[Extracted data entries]
+--
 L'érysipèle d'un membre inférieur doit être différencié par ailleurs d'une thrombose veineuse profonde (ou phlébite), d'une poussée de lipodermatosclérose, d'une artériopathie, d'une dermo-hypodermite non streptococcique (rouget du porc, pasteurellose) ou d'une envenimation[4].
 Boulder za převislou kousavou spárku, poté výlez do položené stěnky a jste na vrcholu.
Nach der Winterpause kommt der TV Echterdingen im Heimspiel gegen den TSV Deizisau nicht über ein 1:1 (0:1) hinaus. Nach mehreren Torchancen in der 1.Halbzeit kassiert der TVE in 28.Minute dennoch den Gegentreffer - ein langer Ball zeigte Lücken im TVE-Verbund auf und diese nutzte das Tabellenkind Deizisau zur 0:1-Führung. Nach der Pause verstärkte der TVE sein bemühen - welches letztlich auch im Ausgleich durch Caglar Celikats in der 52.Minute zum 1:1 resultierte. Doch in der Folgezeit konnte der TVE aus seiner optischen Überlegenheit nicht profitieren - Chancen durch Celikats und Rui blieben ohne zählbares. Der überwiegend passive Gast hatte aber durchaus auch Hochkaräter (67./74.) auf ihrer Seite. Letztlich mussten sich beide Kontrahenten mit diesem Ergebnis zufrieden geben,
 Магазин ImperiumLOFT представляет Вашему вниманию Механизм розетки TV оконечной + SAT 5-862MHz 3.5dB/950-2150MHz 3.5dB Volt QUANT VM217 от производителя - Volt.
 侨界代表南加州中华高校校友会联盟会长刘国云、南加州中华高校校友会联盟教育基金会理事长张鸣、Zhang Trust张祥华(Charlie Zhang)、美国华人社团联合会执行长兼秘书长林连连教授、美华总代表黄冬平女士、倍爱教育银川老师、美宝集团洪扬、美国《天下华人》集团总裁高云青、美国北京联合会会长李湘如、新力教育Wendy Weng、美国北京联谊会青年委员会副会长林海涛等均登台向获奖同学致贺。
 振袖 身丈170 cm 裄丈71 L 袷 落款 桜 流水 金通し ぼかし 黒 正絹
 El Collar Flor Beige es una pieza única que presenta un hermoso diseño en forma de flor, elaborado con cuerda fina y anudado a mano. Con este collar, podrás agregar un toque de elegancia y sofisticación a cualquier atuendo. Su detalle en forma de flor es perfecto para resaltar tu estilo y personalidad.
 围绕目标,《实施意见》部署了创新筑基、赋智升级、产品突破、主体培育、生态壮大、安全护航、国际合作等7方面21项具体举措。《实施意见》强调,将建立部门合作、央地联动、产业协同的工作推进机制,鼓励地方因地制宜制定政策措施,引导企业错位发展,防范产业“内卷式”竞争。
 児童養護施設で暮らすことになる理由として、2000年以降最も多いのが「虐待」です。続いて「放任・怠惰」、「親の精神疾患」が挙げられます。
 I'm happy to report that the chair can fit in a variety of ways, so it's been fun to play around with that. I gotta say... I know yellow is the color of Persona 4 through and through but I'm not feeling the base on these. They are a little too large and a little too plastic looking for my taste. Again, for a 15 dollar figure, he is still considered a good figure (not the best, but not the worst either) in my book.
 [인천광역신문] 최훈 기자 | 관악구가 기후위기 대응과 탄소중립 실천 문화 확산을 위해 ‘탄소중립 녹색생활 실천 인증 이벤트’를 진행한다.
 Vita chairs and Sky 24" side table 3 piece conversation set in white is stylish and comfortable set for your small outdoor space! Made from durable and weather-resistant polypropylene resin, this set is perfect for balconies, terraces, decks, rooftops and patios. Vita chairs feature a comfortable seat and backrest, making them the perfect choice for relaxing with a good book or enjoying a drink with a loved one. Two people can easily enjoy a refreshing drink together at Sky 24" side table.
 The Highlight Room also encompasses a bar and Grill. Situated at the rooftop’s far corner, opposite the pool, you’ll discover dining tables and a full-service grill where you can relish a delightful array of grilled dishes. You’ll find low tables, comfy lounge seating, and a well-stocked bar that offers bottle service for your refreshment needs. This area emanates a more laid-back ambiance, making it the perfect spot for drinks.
+--
* EXERCISE GOAL
From the entries above, write out only the lines starting at the line that holds "Магазин ImperiumLOFT представляет" and ending at the line that holds "振袖 身丈170 cm 裄丈71 L 袷 落款 桜 流水 金通し ぼかし 黒 正絹", keeping both and matching them exactly.

* ANSWER TO THIS PROBLEM
 Магазин ImperiumLOFT представляет Вашему вниманию Механизм розетки TV оконечной + SAT 5-862MHz 3.5dB/950-2150MHz 3.5dB Volt QUANT VM217 от производителя - Volt.
 侨界代表南加州中华高校校友会联盟会长刘国云、南加州中华高校校友会联盟教育基金会理事长张鸣、Zhang Trust张祥华(Charlie Zhang)、美国华人社团联合会执行长兼秘书长林连连教授、美华总代表黄冬平女士、倍爱教育银川老师、美宝集团洪扬、美国《天下华人》集团总裁高云青、美国北京联合会会长李湘如、新力教育Wendy Weng、美国北京联谊会青年委员会副会长林海涛等均登台向获奖同学致贺。
 振袖 身丈170 cm 裄丈71 L 袷 落款 桜 流水 金通し ぼかし 黒 正絹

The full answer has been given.